IBM Data Science Case Study
Overview:
Your client, The Mayor of New York City, needs a better understanding of Citi Bike ridership. He wants an Operating Report for January 2017 on his desk by the end of the week. Based on previous engagements we know the mayor is a big fan of visualizing data in charts.
Luckily, Citi Bike publishes quarterly trip data available for you to download and analyze. The data includes:
- Trip Duration (seconds)
- Start Time and Date
- Stop Time and Date
- Start Station Name
- End Station Name
- Station ID
- Station Lat/Long
- Bike ID
- User Type
- (Customer = 24-hour pass or 3-day pass user; Subscriber = Annual Member)

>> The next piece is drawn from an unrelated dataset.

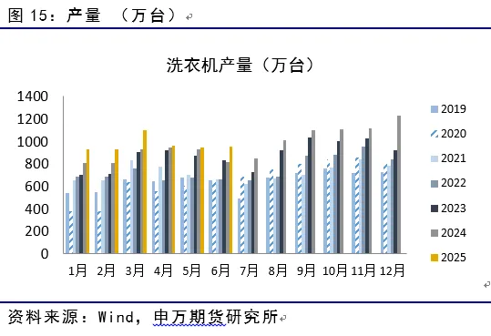 拉丝PP下游的编织袋塑编开工率总体处于低位。6月的冰箱产量达到904万台,同比增加53万台。洗衣机产量6月产量950万台,环比上升9万台。

- Gender (Zero=unknown; 1=male; 2=female)
- Year of Birth
Data can be downloaded here:
https://www.citibikenyc.com/system-data
The client wants to see a variety of data visualizations to answer the following questions:
- Top 5 stations with the most starts (showing # of starts)
- Trip duration by user type
- Most popular trips based on start station and stop station)
- Rider performance by Gender and Age based on avg trip distance (station to station), median speed (distance traveled / trip duration)
- What is the busiest bike in NYC in 2017? How many times was it used? How many minutes was it in use?
Additionally, the Mayor has an idea that he wants to pitch to Citi Bike and needs your help proving its feasibility. He would like Citi Bike to add a new feature to their kiosks:
“Enter a destination and we’ll tell you how long the trip will take”.
We need you to build a model that can predict how long a trip will take given a starting point and destination. You will need to get creative about the factors that will predict travel time. Include model evaluation statistics and discussion of predictive features.